The researcher knew better than to question the existence of
djinns in a Swahili home. But if it wasn’t the djinn who assisted in Mzee Omari’s suicide, it must have been a person. There was one person who had confessed at the sorcerer Akilimali’s truth session that he had been about at that ungodly hour, adding moreover that he had seen Mzee Omari on the main road walking towards the mango tree. He was Salemani Mkono, Mzee Omari’s accuser. The truth, writes Ms. Eberhardt, seems remarkably simple and obvious. Salemani himself must have assisted the poet in hanging himself, and then successfully conned the sorcerer with a tall story about having seen a djinn in a veil following the poet. What bargain these two old antagonists made was one of those secrets forever buried in the past.
What Gudrun Eberhardt did not discover, apparently, was that the sorcerer Akilimali had the reputation of being able to divine an answer from a drugged witness before he or she even spoke; as my mother had remarked astutely, this raised the possibility of planting an answer. And this too seems to have escaped the otherwise intrepid Ms. (later Dr.) Eberhardt: there was one witness under the tree that night who did not sit with the others in the circle to receive the sorcerer’s truth medicine: Mwana Juma.

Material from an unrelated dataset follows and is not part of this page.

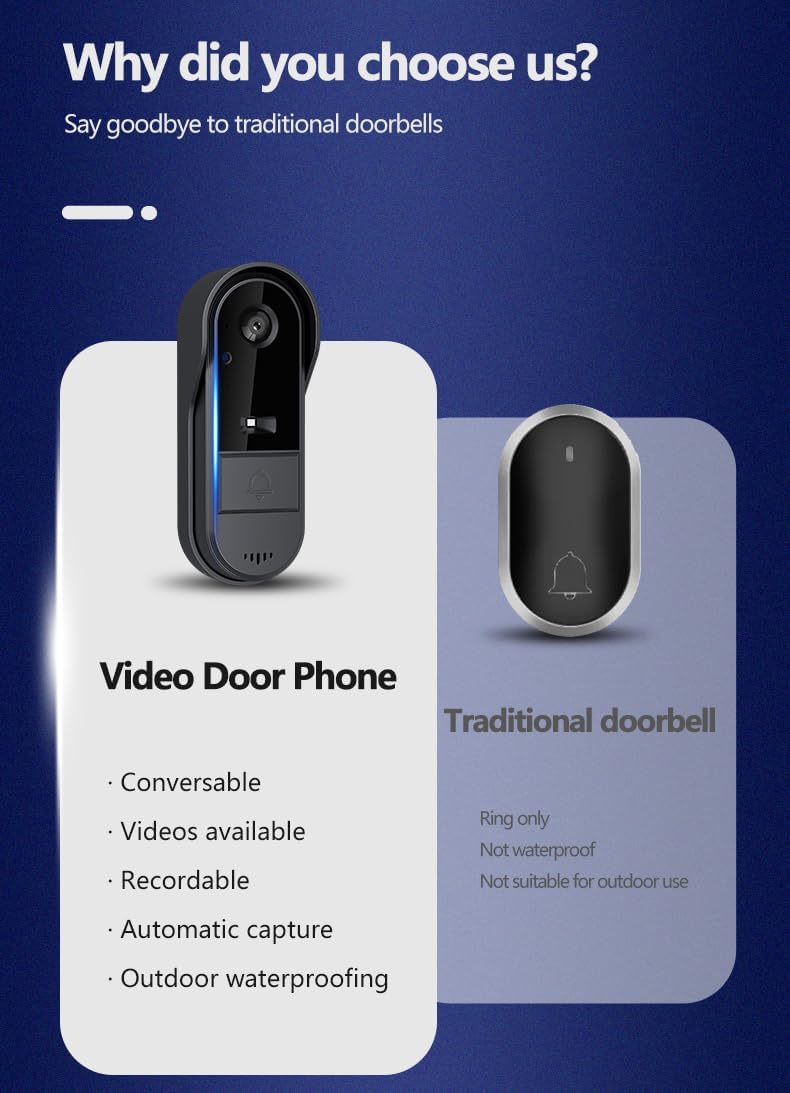 - 🏡【2.4G Bluetooth drahtlose Verbindung】: klingel mit kamera verwendet 2.4G Bluetooth drahtlose Verbindung, ein Schlüssel Paarung sein kann, sehr schnell und einfach, funkklingel mit kamera braucht kein Netzwerk, und müssen nicht APP

It was Mwana Juma, perhaps to put the old poet out of his misery, who encouraged his ironic exit, with the assistance of the one-armed beggar. The sorcerer became instrumental in the cover-up.

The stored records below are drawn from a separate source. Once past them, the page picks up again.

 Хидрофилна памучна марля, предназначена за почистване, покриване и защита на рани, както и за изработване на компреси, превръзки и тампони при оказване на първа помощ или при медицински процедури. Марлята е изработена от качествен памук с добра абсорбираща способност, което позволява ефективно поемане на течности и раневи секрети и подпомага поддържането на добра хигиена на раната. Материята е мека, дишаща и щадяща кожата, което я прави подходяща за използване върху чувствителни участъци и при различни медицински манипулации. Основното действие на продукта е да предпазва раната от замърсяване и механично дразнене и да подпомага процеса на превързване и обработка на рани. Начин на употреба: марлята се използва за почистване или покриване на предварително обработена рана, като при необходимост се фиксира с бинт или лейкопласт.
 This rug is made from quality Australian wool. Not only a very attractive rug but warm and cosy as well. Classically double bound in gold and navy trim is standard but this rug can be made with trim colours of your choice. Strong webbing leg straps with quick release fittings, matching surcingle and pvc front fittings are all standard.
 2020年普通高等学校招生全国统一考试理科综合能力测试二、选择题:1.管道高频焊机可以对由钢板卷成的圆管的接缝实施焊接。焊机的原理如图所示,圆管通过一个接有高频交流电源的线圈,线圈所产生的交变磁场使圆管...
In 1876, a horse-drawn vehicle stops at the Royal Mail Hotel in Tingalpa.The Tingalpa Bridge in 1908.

“I had returned after thirty-five years,” Kamal told me, “a respected doctor, fortified with vaccinations and prophylactics. I took care with food and drink, used insect repellent, slept under a net. Every means to protect myself from the ills of the tropics in which I was born. Yet I was horribly sick.”
It was that one exception he had allowed to breach his armour, the single glass of water he drank at Fatuma’s—and Africa invaded him, reclaimed him once again. To get to Saida he could keep no defences—he knew that when politely he sipped the ill-tasting clear liquid behind the medical store.

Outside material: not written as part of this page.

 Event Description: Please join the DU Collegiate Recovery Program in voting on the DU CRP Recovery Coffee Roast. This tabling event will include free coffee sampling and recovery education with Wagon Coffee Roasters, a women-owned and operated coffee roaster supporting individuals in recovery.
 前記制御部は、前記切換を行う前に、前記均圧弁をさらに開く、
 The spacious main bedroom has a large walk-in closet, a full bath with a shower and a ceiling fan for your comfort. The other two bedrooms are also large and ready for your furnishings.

Gripped by bouts of fever, attacked by diarrhea, hammered by headaches, now it was he, not his innkeeper Markham, who was the stinker, too weak for a bath, with no appetite but constant thirst. And fever led him back to revisit his childhood Gehenna, to resuffer its torments in the loneliness of his hotel room. A nightmare within a nightmare.
In his later life, in the comfort of wealthy suburban Canada, he had occasionally dreamt about his abandonment, though in his dream he would see his trauma transferred onto some other tender thing—a child, an animal—and woken up shaken but in the safe surrounds of a delicious climate-controlled certainty. He never expected he would relive his hell. He never believed he would return.